Material for this task -
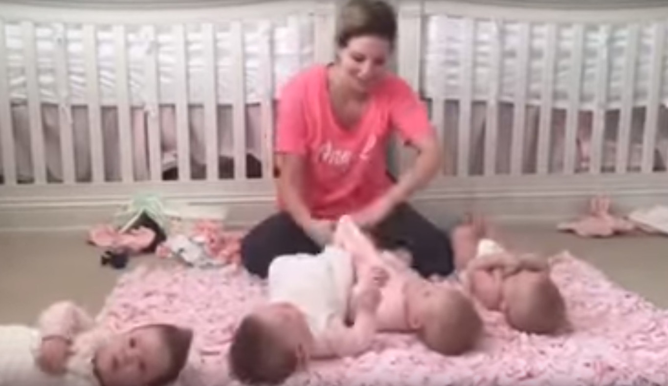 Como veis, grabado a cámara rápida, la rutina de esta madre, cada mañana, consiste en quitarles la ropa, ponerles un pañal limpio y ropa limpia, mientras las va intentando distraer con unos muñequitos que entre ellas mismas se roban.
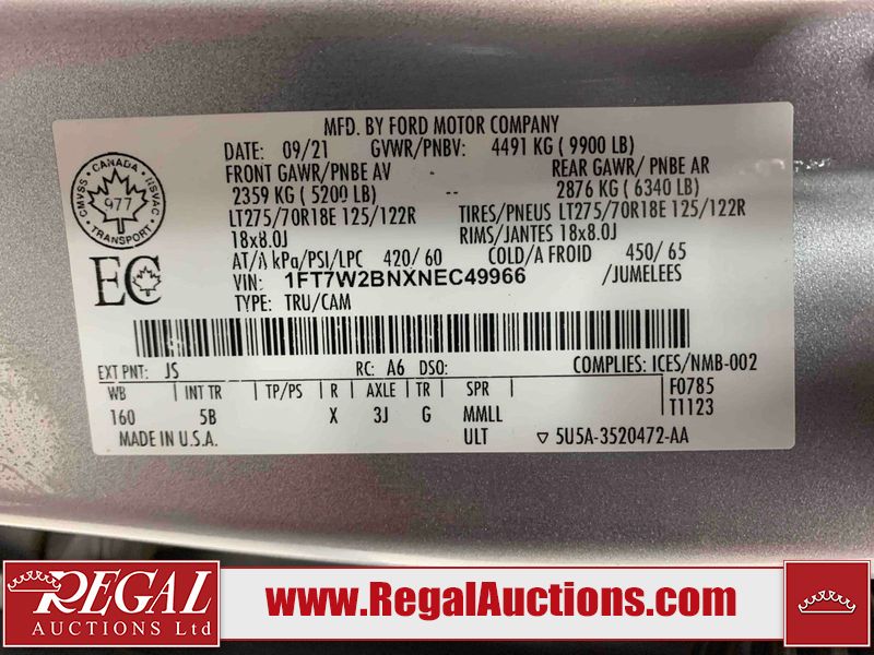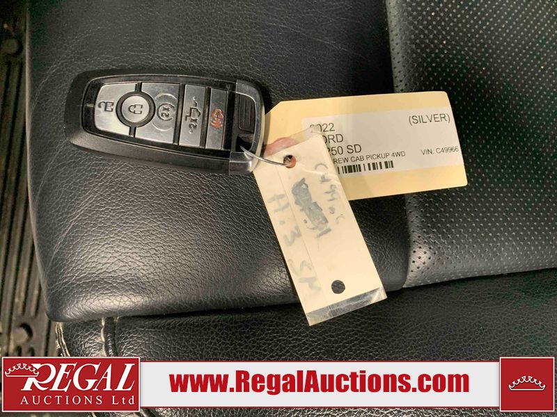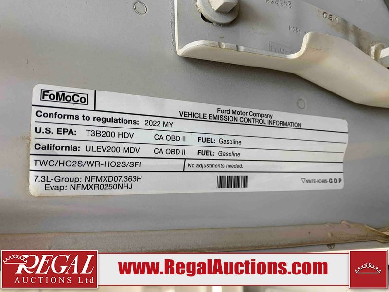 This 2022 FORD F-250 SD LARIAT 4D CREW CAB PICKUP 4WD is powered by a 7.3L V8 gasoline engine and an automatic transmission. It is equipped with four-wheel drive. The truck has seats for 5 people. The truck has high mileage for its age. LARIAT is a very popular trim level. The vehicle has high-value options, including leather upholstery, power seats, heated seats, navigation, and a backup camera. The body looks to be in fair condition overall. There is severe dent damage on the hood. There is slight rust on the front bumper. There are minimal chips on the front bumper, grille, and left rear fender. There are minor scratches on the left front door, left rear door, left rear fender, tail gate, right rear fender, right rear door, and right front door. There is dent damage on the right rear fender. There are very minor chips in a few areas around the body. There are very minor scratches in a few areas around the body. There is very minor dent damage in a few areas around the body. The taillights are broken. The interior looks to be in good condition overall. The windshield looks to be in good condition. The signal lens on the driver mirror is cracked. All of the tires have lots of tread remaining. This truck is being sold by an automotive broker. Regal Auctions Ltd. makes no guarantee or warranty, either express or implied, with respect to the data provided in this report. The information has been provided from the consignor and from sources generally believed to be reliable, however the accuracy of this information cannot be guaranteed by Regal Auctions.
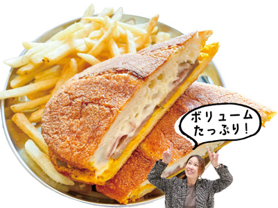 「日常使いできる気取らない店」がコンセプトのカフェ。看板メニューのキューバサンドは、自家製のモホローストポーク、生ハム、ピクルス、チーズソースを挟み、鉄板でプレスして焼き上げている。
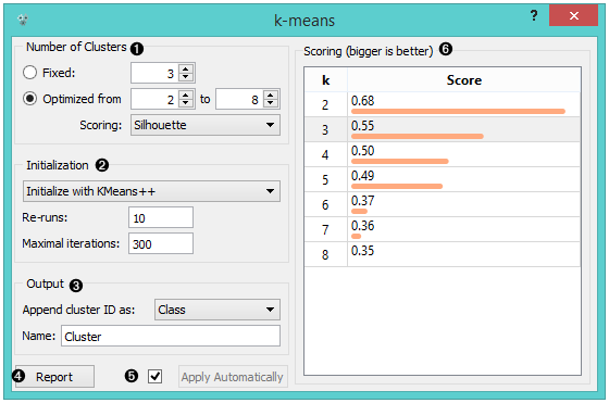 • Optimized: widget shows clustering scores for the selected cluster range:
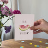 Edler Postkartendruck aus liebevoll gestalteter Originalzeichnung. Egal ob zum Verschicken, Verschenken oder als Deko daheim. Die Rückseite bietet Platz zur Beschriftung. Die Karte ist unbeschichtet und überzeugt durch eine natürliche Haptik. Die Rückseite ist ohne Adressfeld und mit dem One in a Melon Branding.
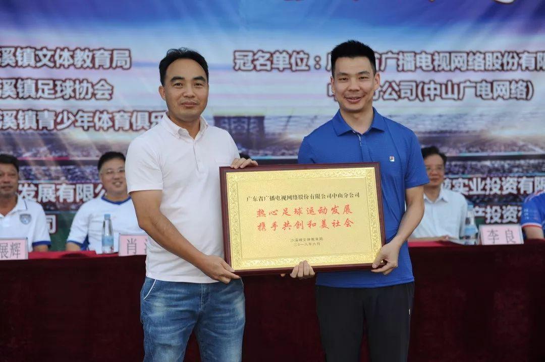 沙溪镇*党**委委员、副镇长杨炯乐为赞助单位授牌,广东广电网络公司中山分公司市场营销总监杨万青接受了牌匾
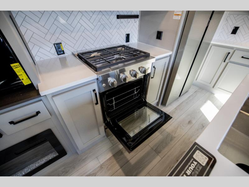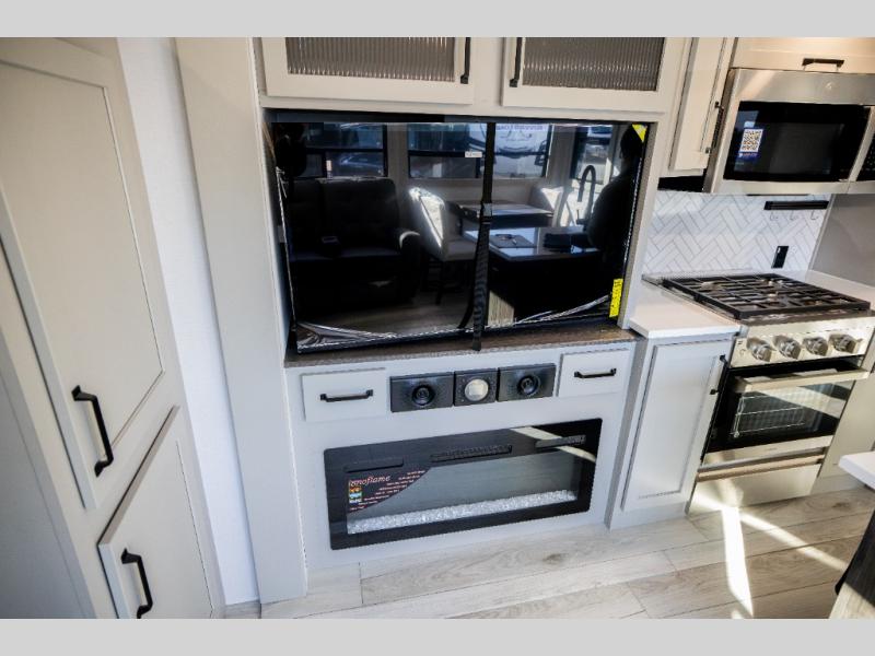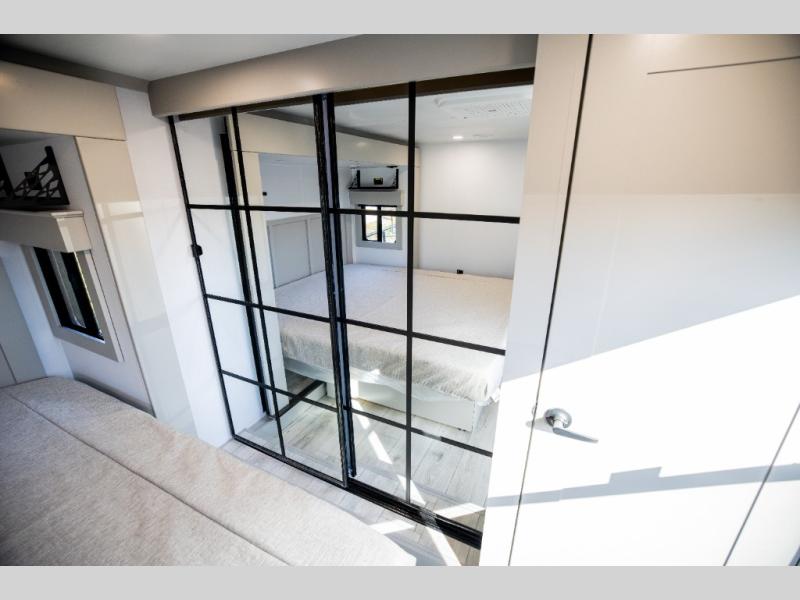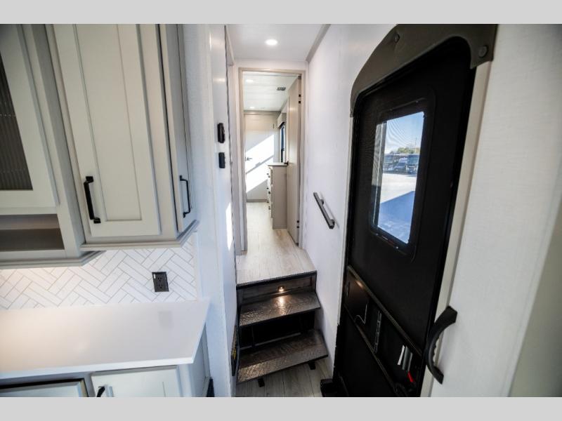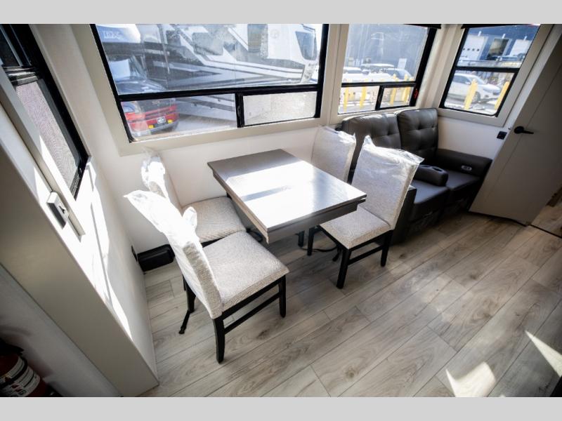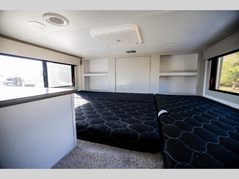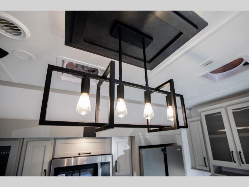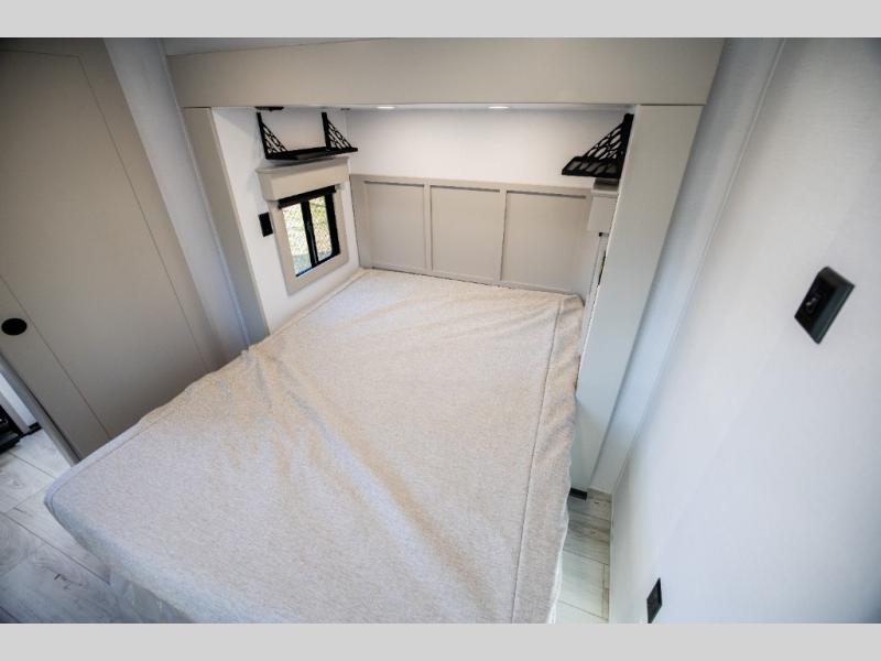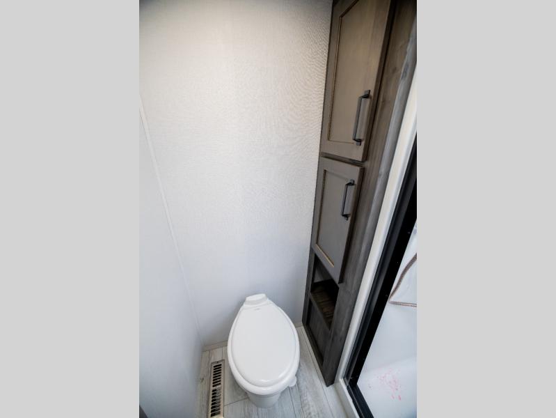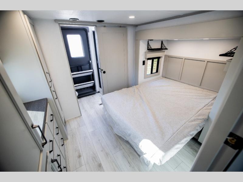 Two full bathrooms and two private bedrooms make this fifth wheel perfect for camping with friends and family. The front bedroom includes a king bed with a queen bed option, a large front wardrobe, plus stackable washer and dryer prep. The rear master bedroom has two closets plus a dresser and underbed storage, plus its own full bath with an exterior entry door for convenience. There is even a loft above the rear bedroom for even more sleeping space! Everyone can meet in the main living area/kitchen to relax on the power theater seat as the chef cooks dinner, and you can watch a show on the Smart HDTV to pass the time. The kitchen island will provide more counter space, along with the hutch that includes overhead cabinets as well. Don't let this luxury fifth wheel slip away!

Exercise directions -
Copy out the lines above from the line containing "Edler Postkartendruck aus" through the line containing "沙溪镇*党**委委员、副镇长", exactly, and keep the pictures out.

Output for this exercise -
 Edler Postkartendruck aus liebevoll gestalteter Originalzeichnung. Egal ob zum Verschicken, Verschenken oder als Deko daheim. Die Rückseite bietet Platz zur Beschriftung. Die Karte ist unbeschichtet und überzeugt durch eine natürliche Haptik. Die Rückseite ist ohne Adressfeld und mit dem One in a Melon Branding.
 沙溪镇*党**委委员、副镇长杨炯乐为赞助单位授牌,广东广电网络公司中山分公司市场营销总监杨万青接受了牌匾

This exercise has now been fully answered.